Reviews By TeKay, Kyle Yampiro, and Andrew Adams

May 14, 2021

Tuning / Blend 5.0
Energy / Intensity 4.3
Innovation / Creativity 4.0
Soloists 3.7
Sound / Production 4.0
Repeat Listenability 4.3
Tracks
1 There Will Be Better Days (Intro) 4.0
2 Americans 4.3
3 Under Pressure 3.7
4 Blind Faith 4.3
5 Past Lives 3.3
6 The Village 4.3
7 Green Light 4.3
8 Light of a Clear Blue Morning / Tomorrow 4.3

Recorded 2019 – 2020
Total time: 28:27, 8 songs


TeKay
4
Tuning / Blend 5
Energy / Intensity 4
Innovation / Creativity 3
Soloists 4
Sound / Production 5
Repeat Listenability 5
Tracks
1 There Will Be Better Days (Intro) 3
2 Americans 4
3 Under Pressure 3
4 Blind Faith 5
5 Past Lives 4
6 The Village 5
7 Green Light 5
8 Light of a Clear Blue Morning / Tomorrow 4

The unfortunate continuation of puns in a cappella does not obscure the mega-talent apparent in the mixed group Pitch, Please from Temple University.
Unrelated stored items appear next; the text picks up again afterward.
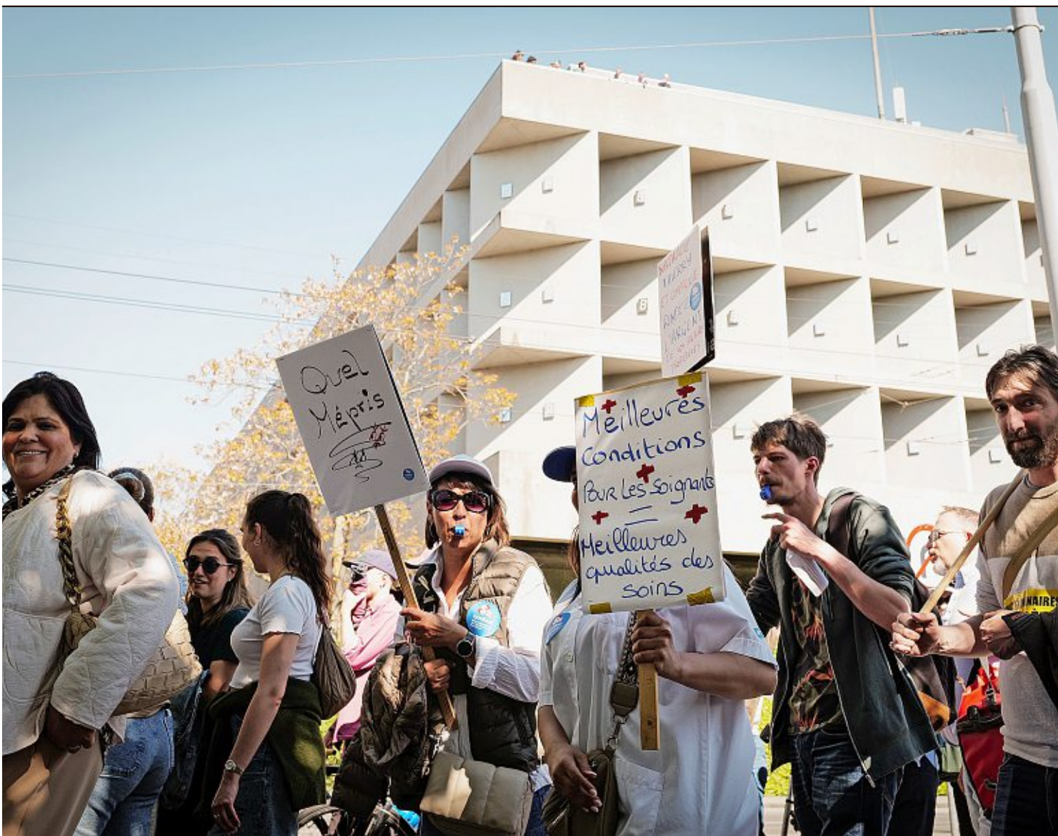
C'est la quatrième fois depuis le mois de novembre que le personnel de la fonction publique descend dans les rues.
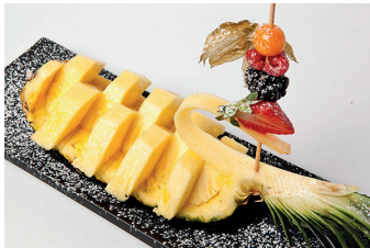
Ananas al Naturale
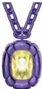
DULCIS PENDANT cod. SW5610290 - € 155.00

I colori della scatola di caramelle contrastano con le forme di ispirazione Pop Art in questi orecchini a lobo. I singoli cristalli in taglio di precisione sono inseriti in montature a stampo verde lucido, per un tocco inaspettato e divertente. Aggiungi un pizzico di giocosità a qualsiasi look indossandoli da soli, oppure libera la tua creatività e indossali con altri pezzi della famiglia Dulcis. Parte della famiglia Dulcis, questi orecchini sono firmati dal Direttore Creativo Giovanna Engelbert per la Collection I.
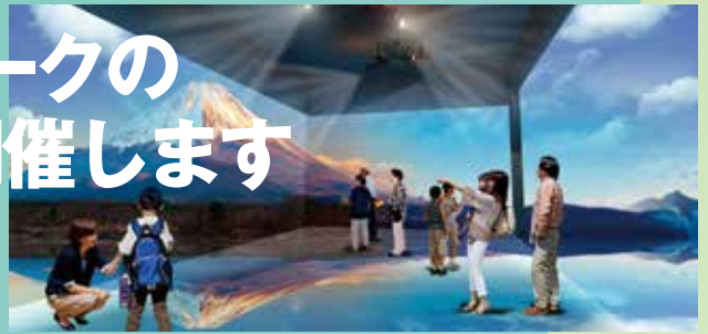
ふじさんミュージアム ふじさんVRシアター 詳細は次のページをご参照ください
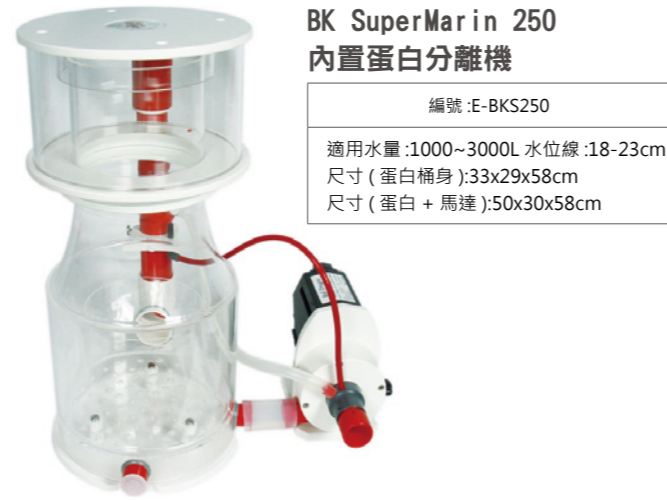
BK SuperMarin 250 內置蛋白分離機

編號 :E-BKS200 適用水量 :800~2000L 水位線 :18-23cm 尺寸 ( 蛋白桶身 ):29x24x62cm 尺寸 ( 蛋白 + 馬達 ):45x30x62cm

Even though the group has only been around for seven years, it can easily make the claim as one of the most formidable queer advocacy groups on the scene today. The musicianship pairs blessingly with the messaging on the group's debut release, Better Days. This is a recording that you'll want to own and play sequentially instead of skipping around like a collection of singles so that you get the whole artistic experience.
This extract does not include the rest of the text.